**Exercise aim**
Starting at the line containing "Bajo la gran" and ending at the line containing "11月7日,项目中标候选人公", transcribe the listing below exactly. Keep both end lines, skip the pictures, and copy nothing else.
════════════════════
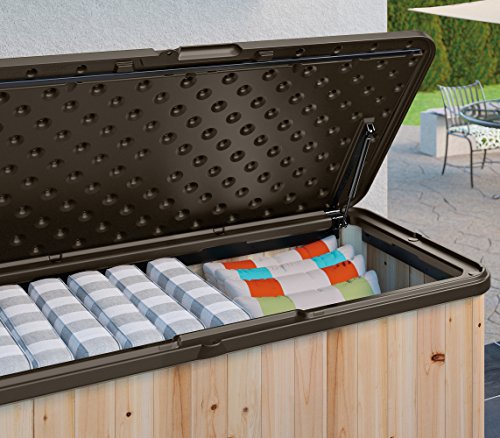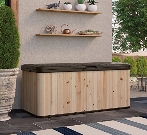 -. Brand : Suncast -. Feature : Dimensions: 54.5L x 27.5W x 24.25H in. / Built from cedar and plastic / Natural wood color with java top and base / 120-gallon decay-resistant storage area / Lockable resin lid with gas shocks -. Label : Suncast Corp -. Manufacturer : Suncast Corp -. MPN : WRDB12000 -. PackageQuantity : 1 -. PartNumber : WRDB12000 -. ProductGroup : Lawn & Patio -. ProductTypeName : OUTDOOR_LIVING -. Publisher : Suncast Corp -. Studio : Suncast Corp -. Title : Suncast Extra Large Cedar and Plastic 120-Gallon Deck Box - WRDB12000
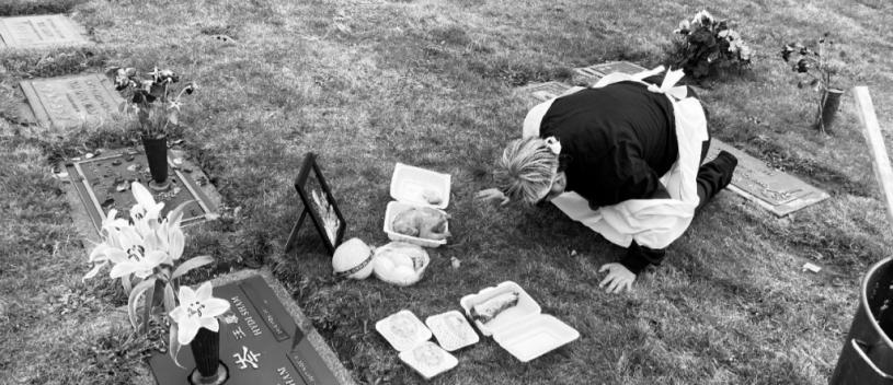 私祭的当天,我在车前贴上了“奠”字,才打着危险警告灯慢驶,沿途把加芙接上,让她抱着嫲嫲的遗照。
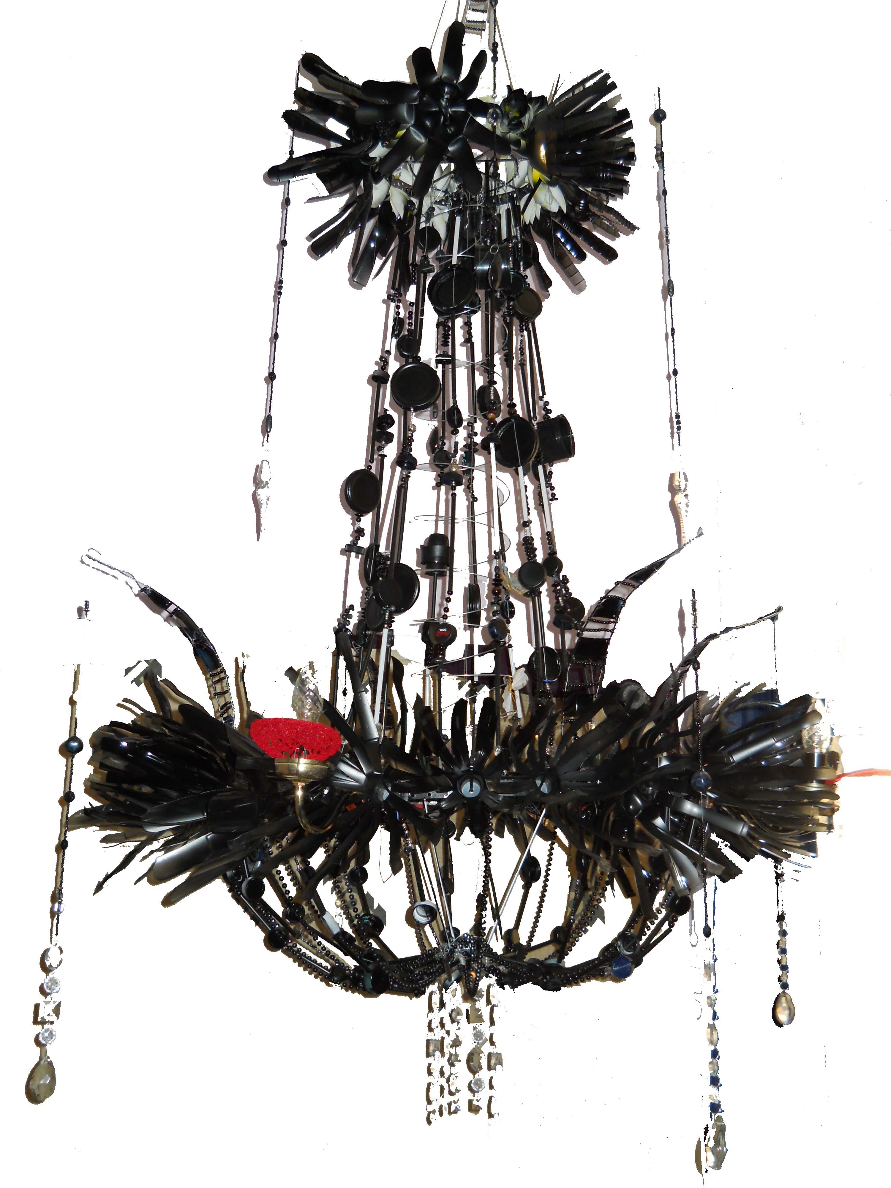 Voltaire lampadario costruito con bottiglie di plastica e tappini verniciati di nero, sassi verniciati, coperchi di barattoli verniciati di nero, filo di ferro piegato, collane, portalampada in ottone, gocce di cristallo e struttura in ferro. replicabile, ma ogni esemplare è diverso. prezzo su richiesta. m. 1,80 x 0,90 circa Condividi: Fai clic per condividere su X (Si apre in una nuova finestra) X Fai clic per condividere su Facebook (Si apre in una nuova finestra) Facebook Mi piace Caricamento...
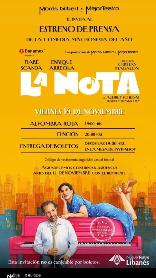 Bajo la gran dirección artística de Cristian Magaloni y con las interpretaciones de dos destacados actores como lo son Tiaré Scanda y Enrique Arroyo, se dio inicio el día de ayer 14 de noviembre a la temporada de representaciones de la obra LA NOTA original de la escritora francesa Audrey Schebat (1973) bajo la traducción de Pablo Rey, presentada por Morris Gilbert y su compañía “Mejor Teatro”.
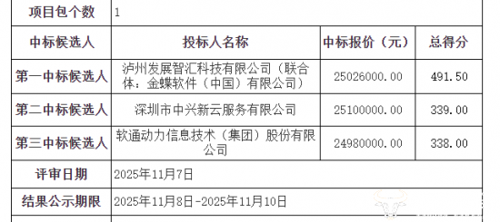 11月7日,项目中标候选人公示,三家候选人报价相近,差距不大。其中,软通动力报价最低,为2498万元,排在第三位;深圳市中兴新云服务有限公司报价最高,为2510万元,接近最高限价。
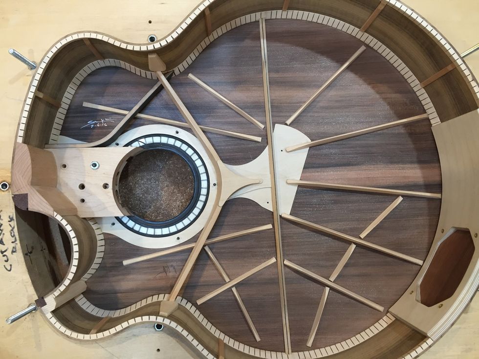 Claxton also doesn’t spend much time tuning tops. “When I bought wood—which I don’t buy anymore because I’ve got so much of it—the quality of wood that I bought over the years was so consistent in the characteristics, the weight and thickness, that I almost don’t have to do a lot between guitar and guitar. If you keep the quality of the tonewood in this little envelope—and if you build guitars like you always do—it’s almost guaranteed that you’re going to have a really nice-sounding guitar. I don’t use floppy tops. If you do, you have to do some serious modifications to the thicknessing, sometimes the bracing, but if all your woods have a similar high quality, then it’s guaranteed you’ll get a nice guitar.”
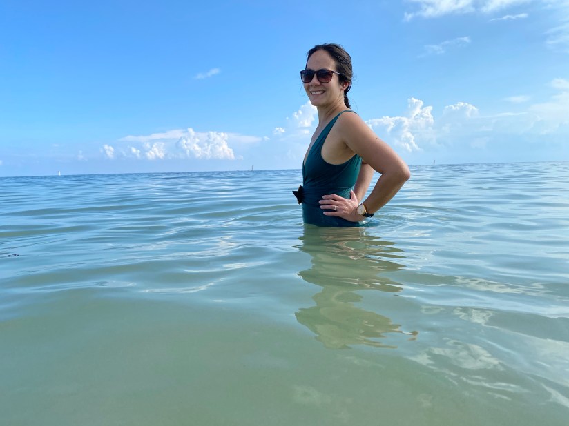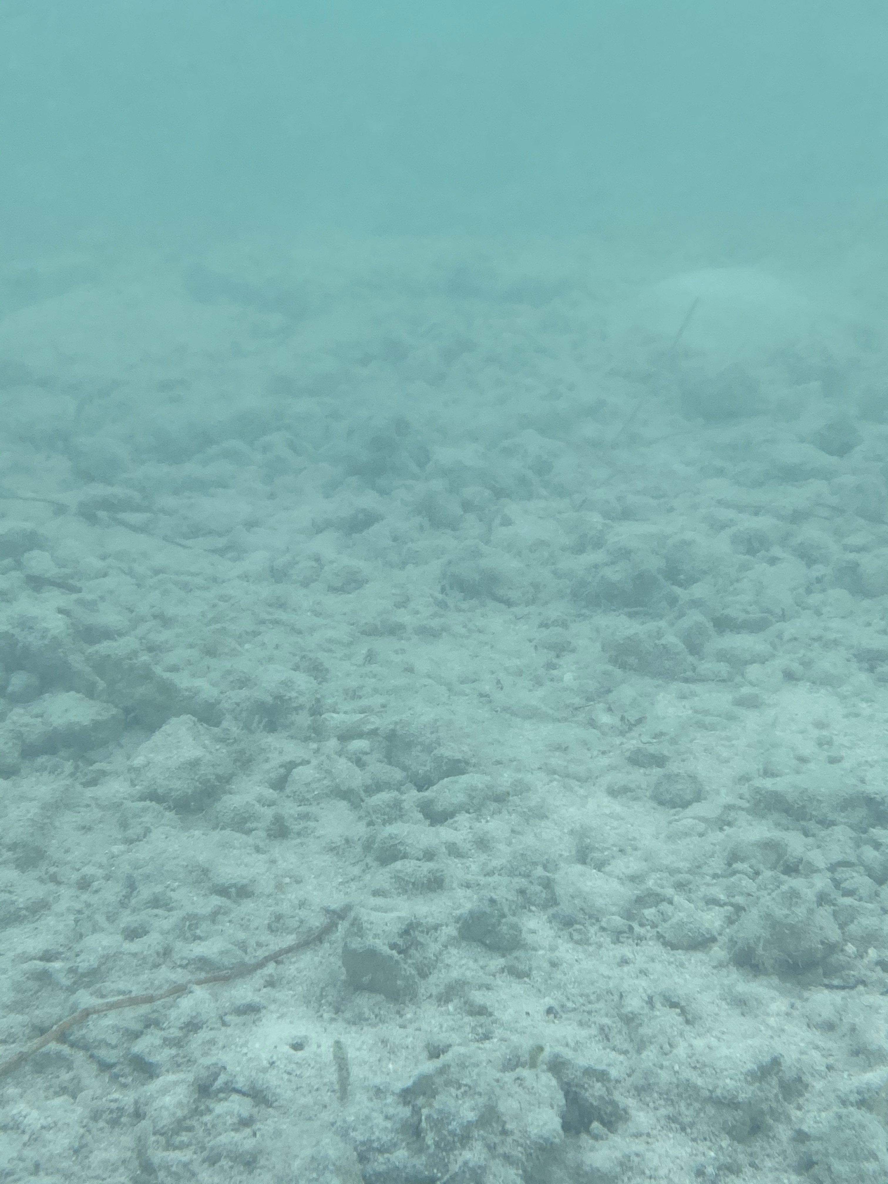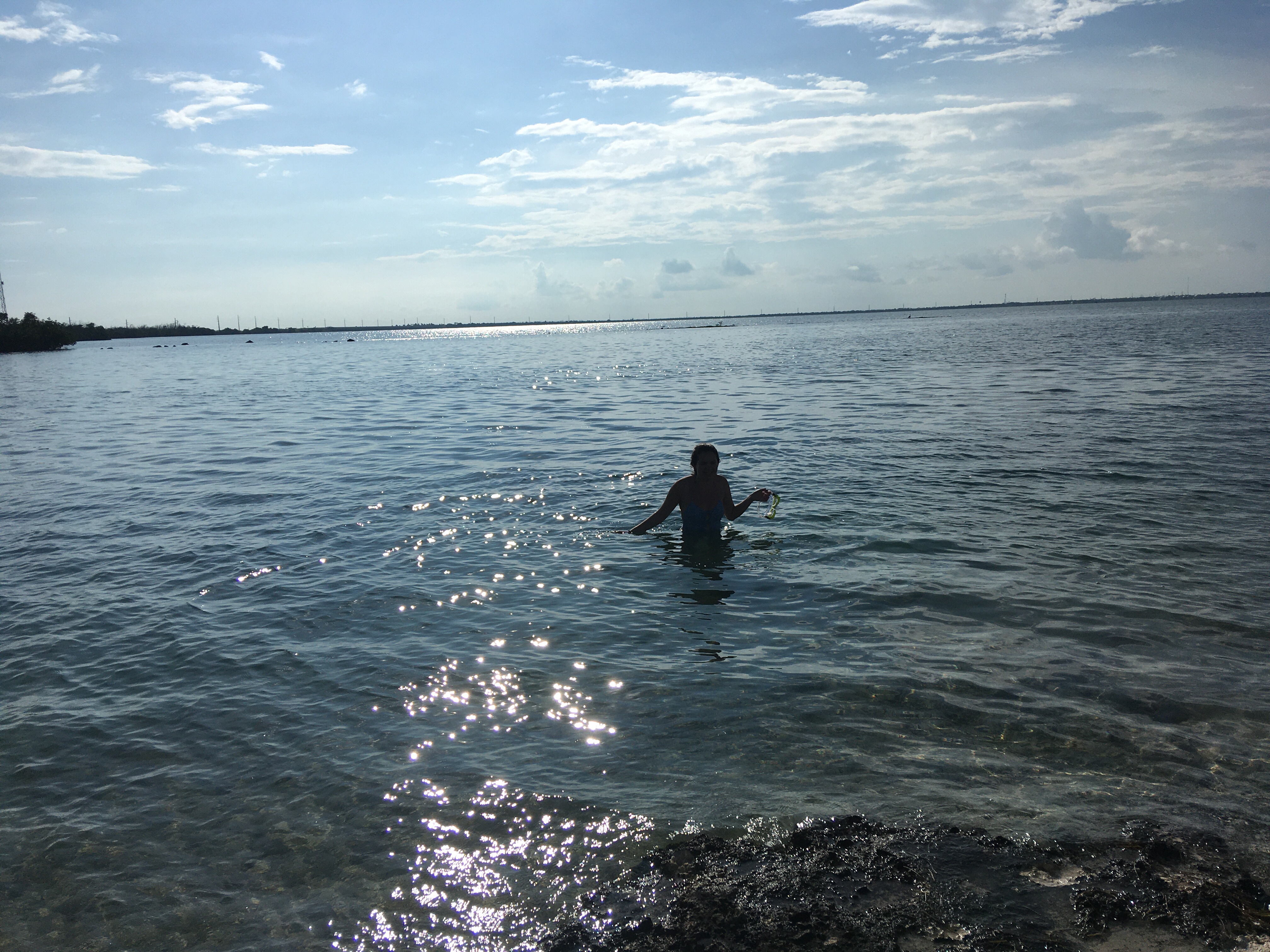 Our pursuit however was to go swimming and maybe do a little snorkeling, as the coast off Florida is home to the third largest barrier reef in the world. After a quick stop to grab more water and a few snacks, we headed south of Islamorada to Sombrero Beach on Marathon Key. This family-friendly beach park features a playground and picnic pavilions with grills for fun beachside barbecues. However the best part of Sombrero is the beach itself. The sand is soft and clean, and the Atlantic waters are warm and calm, very different from the cold Pacific waves that crash along the coast of California. It was so easy to get into full vacation mode while relaxing in the gentle blue-green waves. To add a bit of excitement, we saw a school of silvery fish jumping across the water. After a pleasant swim, we headed out and continued south toward Horseshoe Beach, a spot that according to Google is good for swimming and snorkeling.
════════════════════
**Solution below**
 Bajo la gran dirección artística de Cristian Magaloni y con las interpretaciones de dos destacados actores como lo son Tiaré Scanda y Enrique Arroyo, se dio inicio el día de ayer 14 de noviembre a la temporada de representaciones de la obra LA NOTA original de la escritora francesa Audrey Schebat (1973) bajo la traducción de Pablo Rey, presentada por Morris Gilbert y su compañía “Mejor Teatro”.
 11月7日,项目中标候选人公示,三家候选人报价相近,差距不大。其中,软通动力报价最低,为2498万元,排在第三位;深圳市中兴新云服务有限公司报价最高,为2510万元,接近最高限价。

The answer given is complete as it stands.